Which is why you should run your front tyre inflated to whatever pressure lets it deflect the same as the rear, which is generally about 1.5bar less on a roadbike, 1bar less on a mtb.
The difference in air pressure you would normally use is only enough to equalise the deflection when your weight is distributed normally. Shift your weight back further than normal and the front tyre will be over-inflated then.
If you have the front tyre soft enough to be properly inflated when your weight is well back (further than normal), it will be chronically under-inflated for normal riding.
Some weight is transmitted by the frame to the front wheel when you put it on the pedals, but more weight goes to the the front wheel when you put it on the bars.
In some situations, it is dangerous to reduce the weight that goes on the front.
Yebbut how much can you change your centre of mass by hoiking back in the saddle (unless practicing mtb/dh stylee bum over the rear wheel - which isn't easy with a saddle at the correct height).
Couple of inches back?
Putting your weight through the bars or though the pedals cannot change how much you weigh, or where it affects the bike - the front wheel.
It can
feel as if more weight goes onto the front wheel, because you are using your relatively weak arms to support your body, not your incredibly strong cyclists legs. The adverse effect on how the front wheel tracks also seems to support this idea, though that is a misinterpretation of causality - the steering goes heavy and hard to move because you are keeping yourself on the bike with the same muscles as you are trying to steer with, not because all your weight is going through the front wheel.

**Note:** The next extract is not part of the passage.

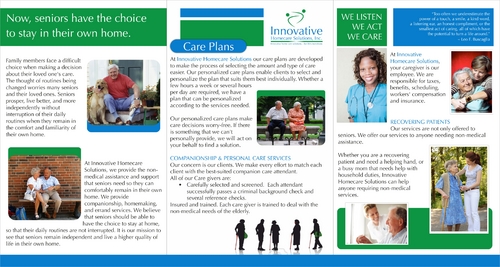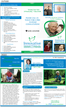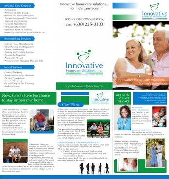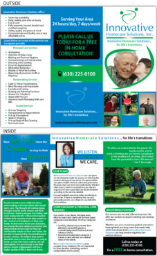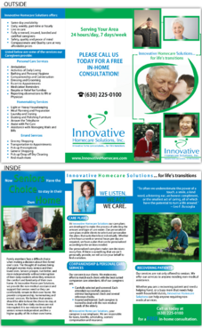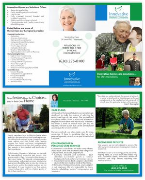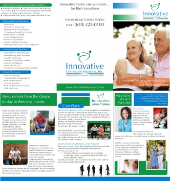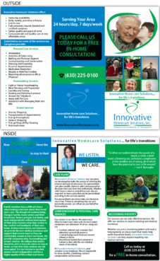 Must be catchy and pleasing to the eye to potential high-end customers, referral sources such as doctors or hospital discharge planners, or family members BUT AT THE SAME TIME, must be easy to read for elderly people with eye/vision problems.
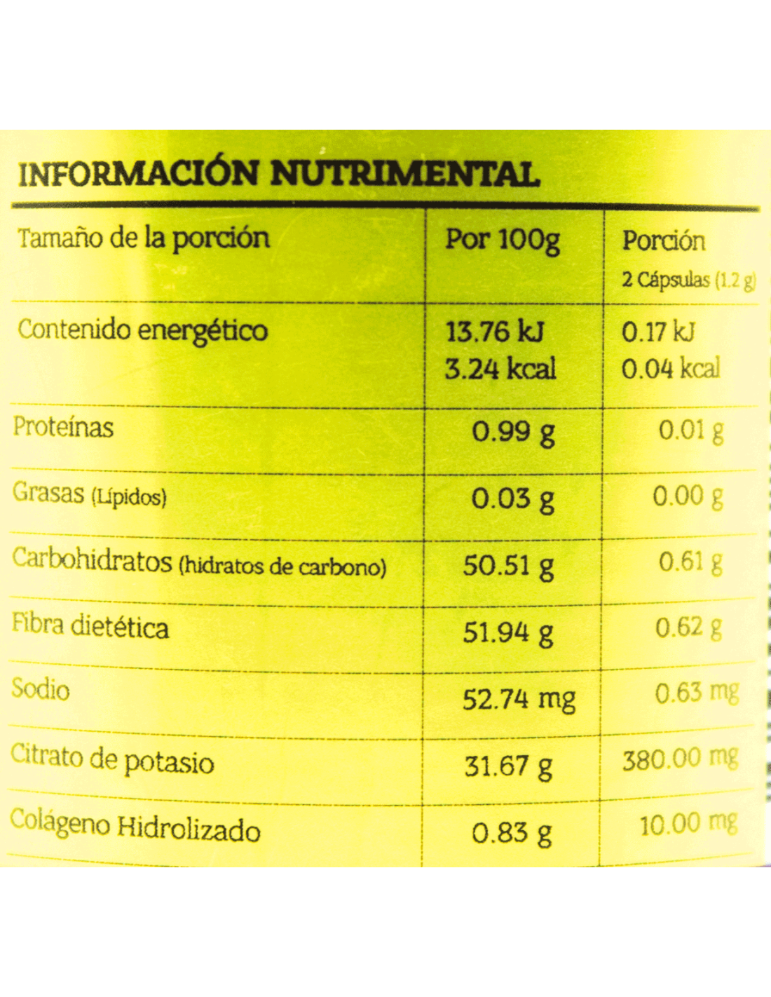 - Ingredientes: Celulosa microcristalina, Citrato de Potasio, Talco, Dióxido de silicio, Colágeno Hidrolizado.

Just to make sure we haven't crossed wires, when I said taking your weight through the pedals, I didn't mean get back in the saddle, I mean cocking the pedals to horizontal and supporting your weight through your legs, without really changing your body position backwards.
Weighting the bars as you brake is more dangerous than weighting the pedals - because if you lock the front wheel, with your weight on the bars, the front will disappear from underneath you, pushed away by your own weight. With weight on the pedals, you have a *small* chance of catching the bike, as your weight isn't being borne by the steering.
BTW, I am fully prepared to accept I'm wrong if someone can wade in with some facts n figures to disprove me.